Depending on the structure of your data you should also strongly
consider including interactions between treatment and your random
factors (see Schielzeth, Holger, and Wolfgang
Forstmeier. 2009. “Conclusions Beyond Support: Overconfident Estimates
in Mixed Models.” Behavioral Ecology 20 (2):416–420.
doi:10.1093/beheco/arn145.
http://www.ncbi.nlm.nih.gov/pubmed/19461866.).  However, you can only
include treatment interactions that make sense. It sounds like each
individual is allocated to a single treatment, so (guessing that your
statistician means that you want the *interactions* of ID with state
and season) I think you should probably use

y~trt*season*state*site+(state|ID)+(0+season|ID)

which includes a random effect of state, a state:ID interaction
(variation of the state effect among individuals), and a season:ID
interaction (variation of seasonal effect among individuals).

  Why are you moving to lmer? is it so that you can handle the
separate effects of state:ID and season:ID ?  

> The second question is a bit more complicated and changes my random
> structure as well.  I had originally built my model in nlme  and used the
> multiple variance (varIdent) function to allow different variance for two
> of my terms (trt and state) in my nlme model because different levels in
> each term had different variances. 
> 
> I found a very helpful post (
> https://stat.ethz.ch/pipermail/r-sig-mixed-models/2007q3/000248.html) on
> how to also do this in lmer but it doesn't seem to be working correctly for
> me and I have not been able to figure out why. 

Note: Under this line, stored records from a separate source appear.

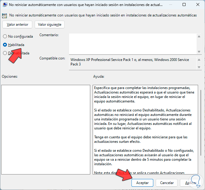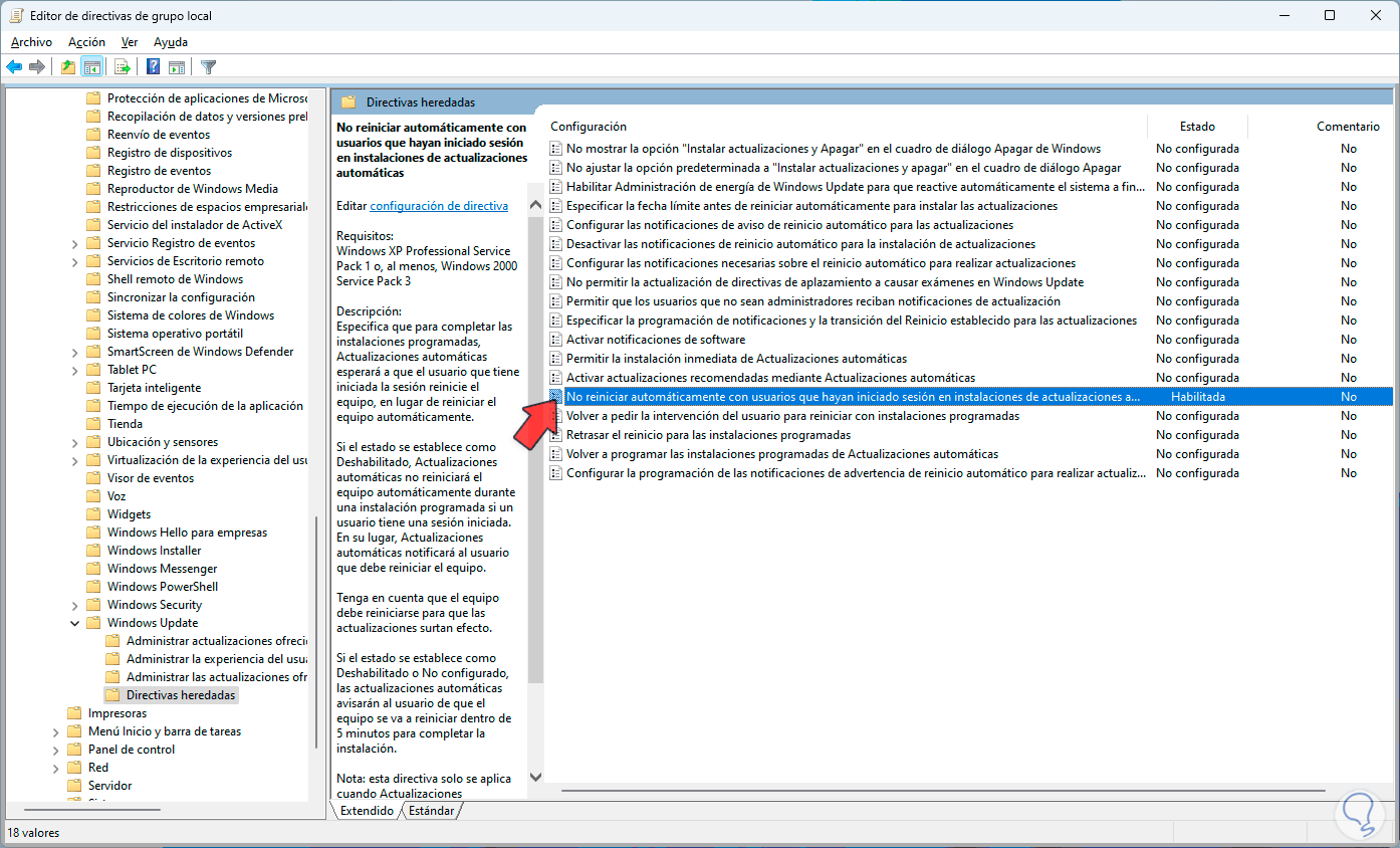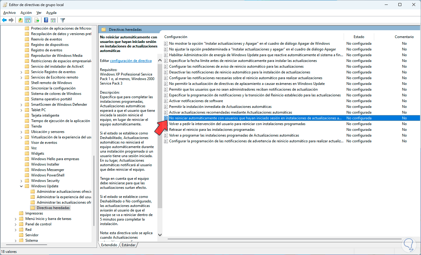 En primer lugar vamos a seleccionar la política “No reiniciar automáticamente con usuarios que hayan iniciado sesión en instalaciones de actualizaciones automáticas”:
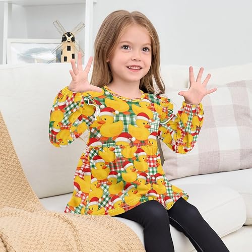 Toddler Girl Long Sleeve Shirt Ruffle Kids Blouse Tops Tee Shirt 18M-5T(Yellow Ducks Wearing Santa Hats Plaid,4T)
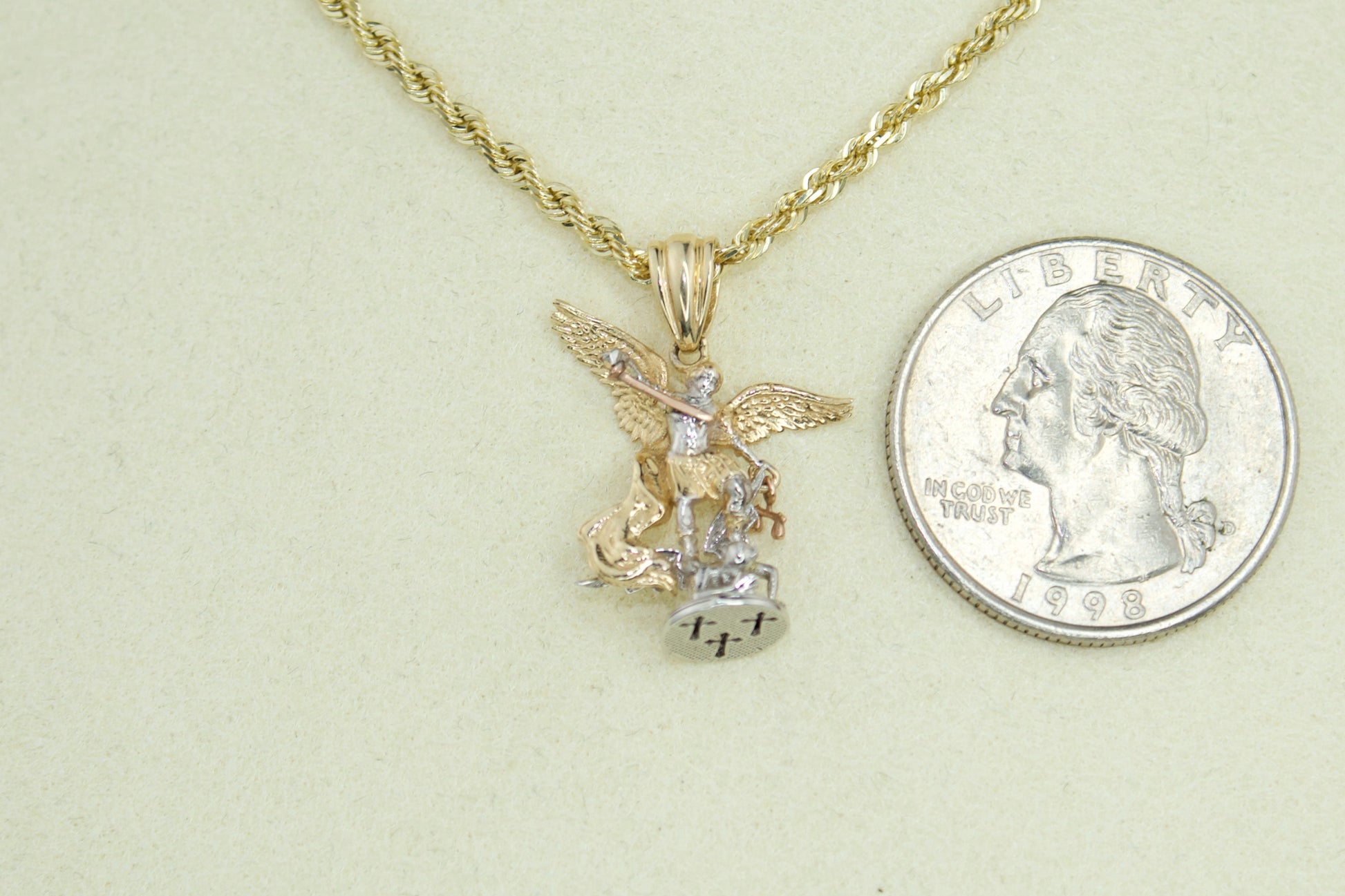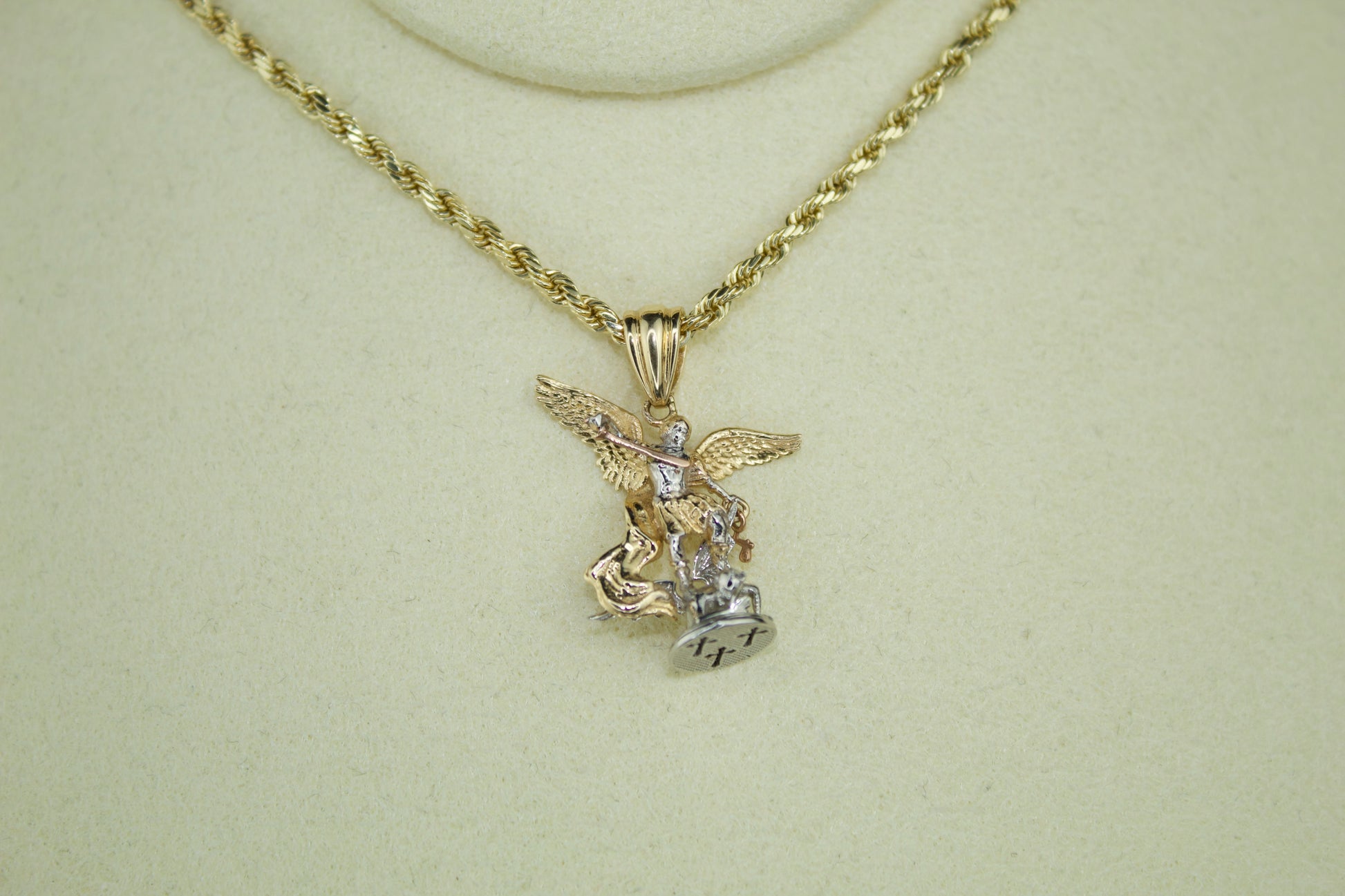 This detailed 3D handmade pendant of San Miguel Arcángel captures the powerful moment of victory over evil. With tri-color gold accents and fine craftsmanship, this piece was created exclusively for Oro Arcia in very limited quantities. Each detail—his wings, sword, and the fallen figure beneath—was hand-carved and carefully polished to honor the meaning behind the design. Perfect for those who carry strength and faith close to their heart.
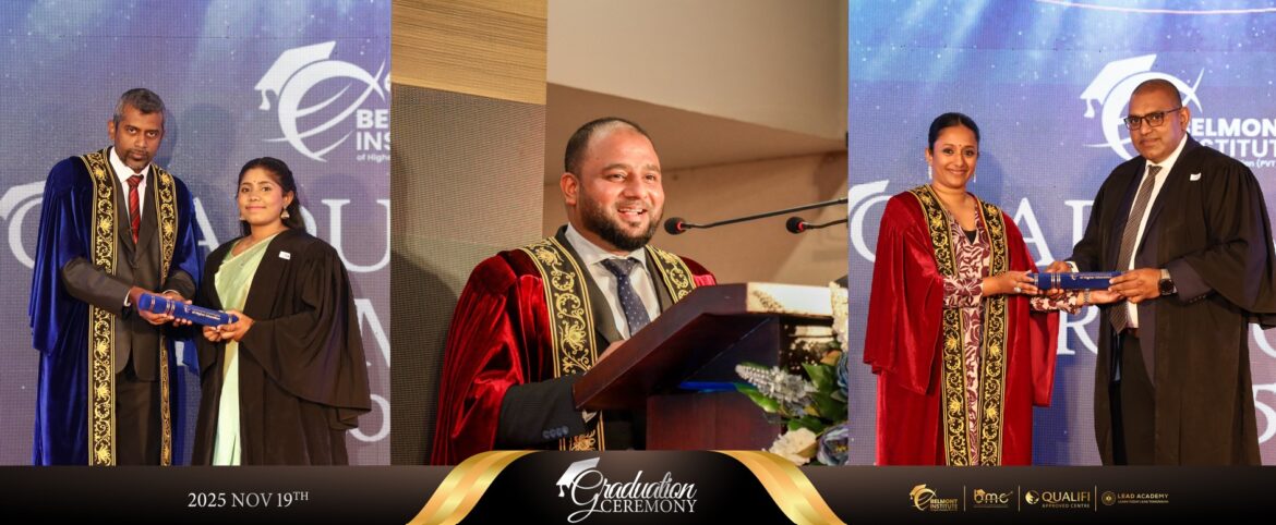 Belmont උසස් අධ්යාපන ආයතනයේ 2025 වසරේ උපාධි ප්රදානෝත්සවය කොළඹ, වෝටර්ස් එජ් පරිශ්රයේදී පසුගිය දා උත්කර්ෂවත් අයුරින් පැවැත්විණි. සිය අධ්යයන හා වෘත්තීය පාඨමාලා සාර්ථකව නිම කළ සිසු සිසුවියන්ගේ කැපවීම සහ දක්ෂතාවය ඇගයීම වෙනුවෙන් මෙම උත්සවය සංවිධානය කර තිබුණි. වත්මන් තරඟකාරී වෘත්තීය ලෝකයට අවශ්ය ප්රායෝගික කුසලතා සහ සදාචාරාත්මක පදනම සහිත, ගෝලීය ප්රමිතීන්ට අනුකූල වෘත්තීය අධ්යාපනයක් ලබා දීම සඳහා වන Belmont අධ්යාපන ආයතනයේ මෙහෙවර මෙහිදී මැනවින් පිළිබිඹු විය.
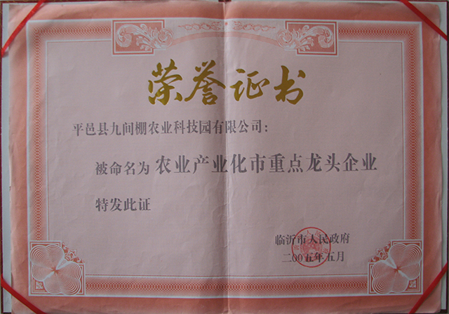 2005年5月,九間棚農業科技園公司被評為農業產業化市重點龍頭企業。
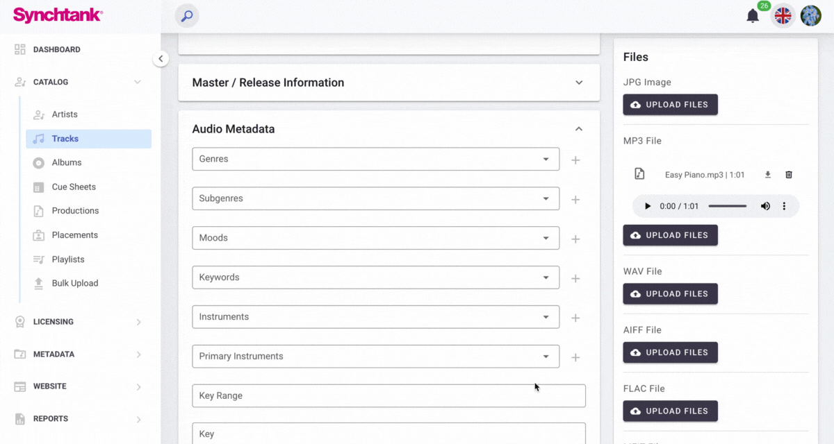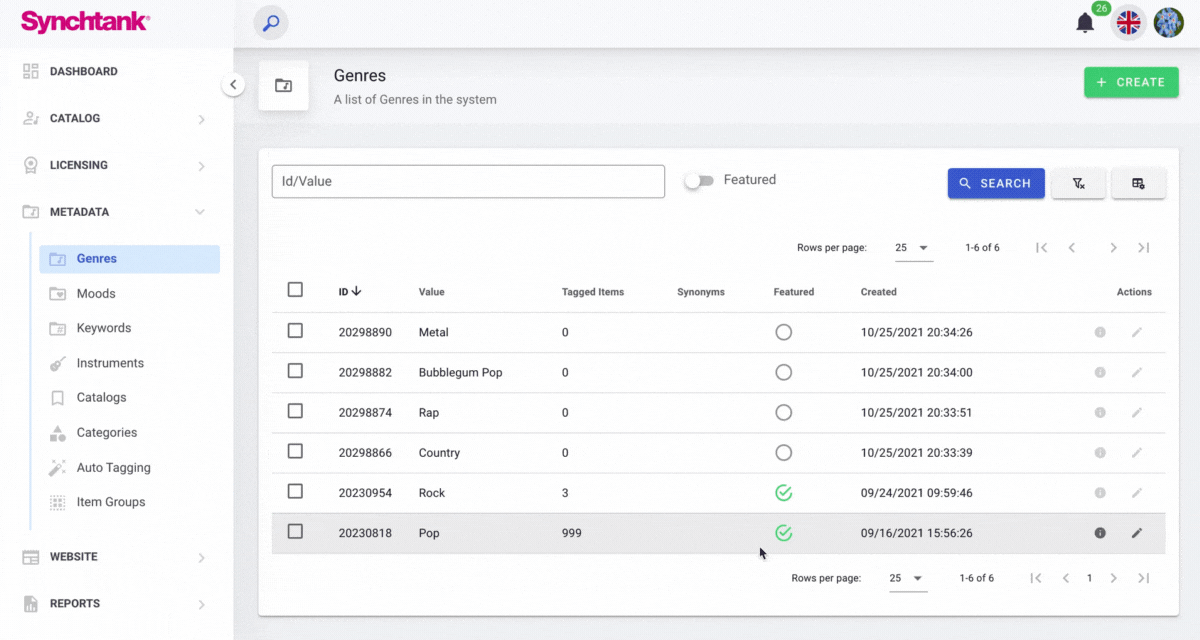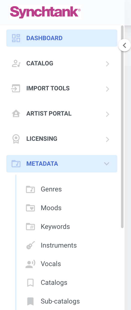 Firstly, the definition of music Metadata is as follows: the digital tags that identify a song’s title, artist, album, and more. Within the Synchtank system, you can manage and create Metadata content for your music catalog. This can be found within Synchtank Admin under the Metadata section and you are able to update the tags used for Genres, Moods, Keywords and Instruments.
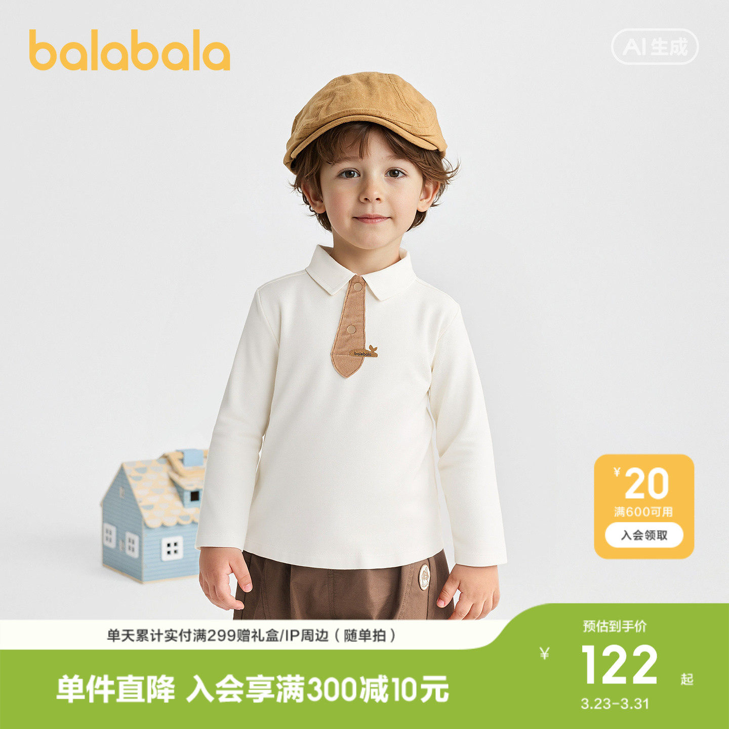 【商场同款】巴拉巴拉童装儿童长袖t恤男童2026新春装领带半开襟
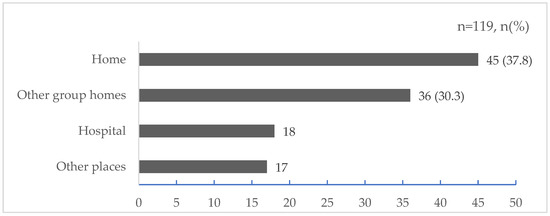 Regarding where participants lived before they were hospitalized, 45 (37.8%) said they were at home, 36 (30.3%) said they lived in another group home, and 18 (15.1%) said they lived in a hospital. Details are shown in Figure 2.

  I'm mostly going to postpone comment on your second question until
your first question is sorted out, although I would also encourage you
to see if your heteroscedasticity problem might be handled by transformation --
most typically, if treatment increases both the mean and variance a lot,
then log transforming the data might take care of the problem with less
hassle ...


> I am also trying to do this
> with 2 factors instead of one.
> The overall structure of my data is
> Structure of my dataset (d)
>   ..@ frame   :'data.frame': 173 obs. of  10 variables:
>   .. ..$ y     : int [1:173] 209 382 448 353 224 112 198 273 495 622 ...
>   .. ..$ trt   : Factor w/ 2 levels "G","S": 1 1 1 1 1 1 1 1 1 1 ...
>   .. ..$ season: Factor w/ 2 levels "Breeding","NonBreeding": 2 2 2 2 2 2 2
> 1 1 1 ...
>   .. ..$ state : Factor w/ 2 levels "Post","Pre": 1 1 1 1 1 1 1 1 1 1 ...
>   .. ..$ site  : Factor w/ 2 levels "Mrak","Orchard": 1 1 1 1 1 2 2 1 1 1
> ...
>   .. ..$ G     : num [1:173] 1 1 1 1 1 1 1 1 1 1 ...
>   .. ..$ ID    : Factor w/ 59 levels "100","103","105",..: 11 19 22 58 6 36
> 50 11 20 24 ...
>   .. ..$ S     : num [1:173] 0 0 0 0 0 0 0 0 0 0 ...
>   .. ..$ Pre   : num [1:173] 0 0 0 0 0 0 0 0 0 0 ...
>   .. ..$ Post  : num [1:173] 1 1 1 1 1 1 1 1 1 1 ...
> 

> m1<-lmer(y~trt*season*state*site+(0+G|ID)+(0+S|ID) +(0+Pre|ID) +
> (0+Post|ID)+(1|season), data=d)

  Your basic problem here is that it doesn't make sense to test the interaction
of treatment with ID (as you have effectively done here), because each
individual is only in one treatment category ...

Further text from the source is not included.